Did you get that from my basement?


----------



## DangerMouse (Jul 17, 2008)

jimmy21 said:


> i'll actually build one and take pictures as i go, so it looks like a REAL how to


Good idea! Maybe show it with the wire on it and "in use".

DM


----------



## jimmy21 (Jul 2, 2008)

DangerMouse said:


> Good idea! Maybe show it with the wire on it and "in use".
> 
> DM


ya, i planned on doing that. It had come up in a thread and i said id post a how to, so i did. I think those instructions should be able to be followed. I was planning to building one, maybe i'll just video record it, and post it to youtube. Then it would look official :laughing:


----------



## J. V. (Jun 1, 2007)

You got me. How does it work? I have never used anything like that. I have only pulled NM from a reel or box. Without some cable on it, it is just, well just nothing. Jbfan. Got a picture?


----------



## jimmy21 (Jul 2, 2008)

J. V. said:


> You got me. How does it work? I have never used anything like that. I have only pulled NM from a reel or box. Without some cable on it, it is just, well just nothing. Jbfan. Got a picture?

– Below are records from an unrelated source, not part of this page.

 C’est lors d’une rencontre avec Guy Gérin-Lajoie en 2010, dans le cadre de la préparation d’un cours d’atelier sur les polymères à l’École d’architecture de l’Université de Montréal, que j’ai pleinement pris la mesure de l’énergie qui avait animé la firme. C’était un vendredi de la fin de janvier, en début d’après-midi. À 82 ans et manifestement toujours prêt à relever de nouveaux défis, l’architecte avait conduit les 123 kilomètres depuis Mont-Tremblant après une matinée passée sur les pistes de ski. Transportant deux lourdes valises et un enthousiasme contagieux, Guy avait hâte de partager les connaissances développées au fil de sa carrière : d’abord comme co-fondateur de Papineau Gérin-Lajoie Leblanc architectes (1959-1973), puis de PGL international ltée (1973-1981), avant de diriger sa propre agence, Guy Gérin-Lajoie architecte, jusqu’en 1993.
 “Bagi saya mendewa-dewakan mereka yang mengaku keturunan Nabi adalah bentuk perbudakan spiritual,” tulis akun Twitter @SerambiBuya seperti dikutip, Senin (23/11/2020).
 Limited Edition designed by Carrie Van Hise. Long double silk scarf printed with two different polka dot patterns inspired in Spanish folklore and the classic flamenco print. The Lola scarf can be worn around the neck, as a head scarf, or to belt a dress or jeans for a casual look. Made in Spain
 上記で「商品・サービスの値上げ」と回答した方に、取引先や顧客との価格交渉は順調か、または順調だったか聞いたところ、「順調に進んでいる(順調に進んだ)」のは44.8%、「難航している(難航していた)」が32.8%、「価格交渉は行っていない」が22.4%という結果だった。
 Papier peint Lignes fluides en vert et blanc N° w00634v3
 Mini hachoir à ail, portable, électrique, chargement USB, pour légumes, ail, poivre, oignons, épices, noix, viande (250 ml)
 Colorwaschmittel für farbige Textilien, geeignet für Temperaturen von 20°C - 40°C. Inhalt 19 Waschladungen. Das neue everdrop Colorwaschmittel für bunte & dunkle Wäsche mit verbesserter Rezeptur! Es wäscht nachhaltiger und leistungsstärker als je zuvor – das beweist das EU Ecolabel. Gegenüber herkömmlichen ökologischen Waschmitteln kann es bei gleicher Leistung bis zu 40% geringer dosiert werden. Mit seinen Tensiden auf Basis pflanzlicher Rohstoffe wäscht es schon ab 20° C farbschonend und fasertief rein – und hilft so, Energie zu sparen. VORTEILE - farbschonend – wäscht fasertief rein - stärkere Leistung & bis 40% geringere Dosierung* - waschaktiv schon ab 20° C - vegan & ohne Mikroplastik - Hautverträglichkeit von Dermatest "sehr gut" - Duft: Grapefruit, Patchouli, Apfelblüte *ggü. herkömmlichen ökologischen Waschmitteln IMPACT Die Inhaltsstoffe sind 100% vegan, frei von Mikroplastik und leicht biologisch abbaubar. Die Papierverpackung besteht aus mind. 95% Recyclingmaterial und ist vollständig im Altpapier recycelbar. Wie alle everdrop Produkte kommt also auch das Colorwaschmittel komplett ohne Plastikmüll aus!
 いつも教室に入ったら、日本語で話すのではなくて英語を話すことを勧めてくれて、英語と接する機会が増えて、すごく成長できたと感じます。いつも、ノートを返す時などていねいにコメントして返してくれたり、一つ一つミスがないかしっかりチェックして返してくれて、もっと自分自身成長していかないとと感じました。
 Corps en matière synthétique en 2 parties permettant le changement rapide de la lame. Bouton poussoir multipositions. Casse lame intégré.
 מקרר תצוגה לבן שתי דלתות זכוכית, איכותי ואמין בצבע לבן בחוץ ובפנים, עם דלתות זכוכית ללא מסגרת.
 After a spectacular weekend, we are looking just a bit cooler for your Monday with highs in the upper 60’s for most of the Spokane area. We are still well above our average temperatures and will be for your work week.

put your roll of wire on it, and hang the nail from something. Usually i hang it from a piece of romex that i staple to the ceiling. If you hang it too high off the ground, it can start uncoiling wire on its own


----------



## jbfan (Jul 1, 2004)

John, I will see if I can take one today or tomorrow.


----------



## Clutchcargo (Mar 31, 2007)

Same concept as the pex de-spooler. How does it spin?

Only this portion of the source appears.